In 1963, only 156 of 15,000 eligible black voters in Selma, Alabama, were registered to vote. The federal government filed four lawsuits against the county registrars between 1963 and 1965, but the number of black registered voters only increased from 156 to 383 during that time. The law couldn’t keep up with the pace and intensity of voter suppression. The Voting Rights Act ended the blight of voting discrimination in places like Selma by eliminating the literacy tests and poll taxes that prevented so many people from voting. The Selma of yesteryear is reminiscent of the current situation in Texas, where a voter ID law blocked by the federal courts as a discriminatory poll tax on two different occasions—under two different sections of the VRA—remains on the books. The law was first blocked in 2012 under Section 5 of the VRA. “A law that forces poorer citizens to choose between their wages and their franchise unquestionably denies or abridges their right to vote,” wrote Judge David Tatel. “The same is true when a law imposes an implicit fee for the privilege of casting a ballot.” Then the Supreme Court gutted the VRA—ignoring the striking evidence of contemporary voting discrimination in places like Texas—which allowed the voter ID law to immediately go into effect. “Eric Holder can no longer deny #VoterID in #Texas after today’s #SCOTUSdecision,” Texas Attorney General Greg Abbott tweeted minutes after the Shelby County v. Holder decision. States like Texas, with the worst history of voting abuses, no longer had to approve their voting changes with the federal government. Texas had lost more Section 5 lawsuits than any other state.

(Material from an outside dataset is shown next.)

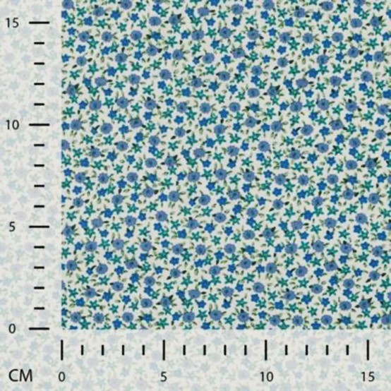 Här är tyget som skriker sommar, på det där nostalgiska, blomromantiska viset. Blommorna är ca 0,5cm. En härlig bomullspoplin (=tätvävd). Gör sig lika bra i babynestet, som i skjortan, som i kjolen, som i gardinen, som i örngottet, som i, ja, du förstår, den passar till lite utav varje.

The law was challenged again by the Justice Department and civil rights groups. After a lengthy trial, it was struck down, again, on October 9, in a searing opinion by Judge Nelva Gonzales Ramos, who called the law “an unconstitutional poll tax.”
Ramos found that 600,000 registered voters in Texas—4.5 percent of the electorate—lacked a government-issued ID, but the state had issued only 279 new voter IDs by the start of the trial. African-Americans were three times as likely as whites to not have a voter ID and Hispanics twice as likely. The law was passed by the Texas legislature, “because of and not merely in spite of the voter ID law’s detrimental effects on the African-American and Hispanic electorate,” Ramos wrote.
But five days later, the US Court of Appeals for the Fifth Circuit —one of the most conservative courts in the country—overruled Ramos, arguing that striking the voter ID law “substantially disturbs the election process of the State of Texas just nine days before early voting begins.” The appeals court curiously believed that blocking the voter ID before the election would do more harm to voters than preserving a law that could disenfranchise 600,000 voters in the state.